UPDATE (April 10, 2013):
I’d like to present some additional clinical material to demonstrate the ways that manic-depressive issues may also arise with clients who would never receive a diagnosis of bipolar disorder or even bipolar ii disorder. In every respect, the client I’m going to describe was high-functioning, dynamic, verbal, intelligent and successful. She had suffered only one depressive episode in her entire life. It occurred about six months before the beginning of treatment when her husband had lost his job, found a new one in a different city and left her behind to take care of selling their house.
Bethany and her husband had lived in that house less than a year and although she had formed no close friendships during that time, she had put down emotional roots and hoped to spend the rest of her life there. Most people in her situation would feel unhappy and quite possibly depressed; Bethany managed to pack up and transfer their household but shortly after arriving in a new and unfamiliar city, she found it almost impossible to function. This depression terrified her. Although she rationally understood it wouldn’t come to pass, she was afraid she’d fall apart and never recover. The acute depressive episode passed after a few weeks and she began to build a life for herself in this unfamiliar place.

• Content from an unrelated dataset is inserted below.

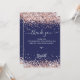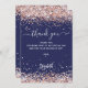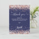 Un arrière - plan bleu marine, décoré de confettis d'or rose. Script écrit à grande main et texte : Merci. Personnalisez et ajoutez votre note de remerciement et votre nom.

Shortly after Bethany and I began working together, she brought me a dream. She was in a car traveling at very high-speed; she wasn’t the driver and didn’t know who was behind the wheel. From behind, a motorcycle began to pursue and catch up with her. She felt threatened by the motorcycle driver, although in her associations to the dream, he reminded her of me. I suggested she was trying desperately to keep “ahead” of something internal — some feelings or memories we didn’t yet know about — and felt threatened that therapy would bring her into contact with those feelings. She accepted this interpretation although it had little effect at the time.
As I came to know my client better, I recognized a pattern in her behavior: she always had a new and exciting project underway. An entrepreneur in her own right, she had started several businesses and continually came up with new ventures and co-ventures. Some were successful; others lost her interest after a month or two and she’d move on to something new. Then, after almost a year in this new town, Bethany’s husband again lost his job and she was faced with the prospect of yet another move. This time, however, she seemed unworried about the prospect. (As we were working by Skype, the end of treatment wasn’t an issue.)
During session, Bethany remarked on this absence of anxiety — it surprised her. Perhaps because she’d already been through a prior move, she had “adapted” and no longer found it a threat. Then, she went on to relate yet another new business scheme that had occurred to her. She was quite tired in that session because she had stayed up half the night developing a new business plan. Normally, she told me, it would take her months to implement such a plan but she felt driven to get this new business going in record time.
I suggested to Bethany that this new project was her way of warding off a whole set of painful emotions about the coming relocation. I reminded her of the dream from months before and also brought up the almost paralyzing depression she’d felt during the last move. Through her manic, sped-up business plan, she was trying to stay “ahead” of her feelings; she was afraid that if they “caught up” with her, they’d overwhelm and immobilize her and she’d never get moving again. I sensed the rise of sadness along with some fear, but her response was short-lived and we came to the end of the session.
I’m sure you can see the similarities between Bethany’s process and Jeffrey’s more serious issues. Even in high functioning clients who would never receive a serious diagnosis, bipolar issues may arise where “manic” or magical solutions are pursued in order to escape depressive feelings that are felt to be unbearable or overwhelming.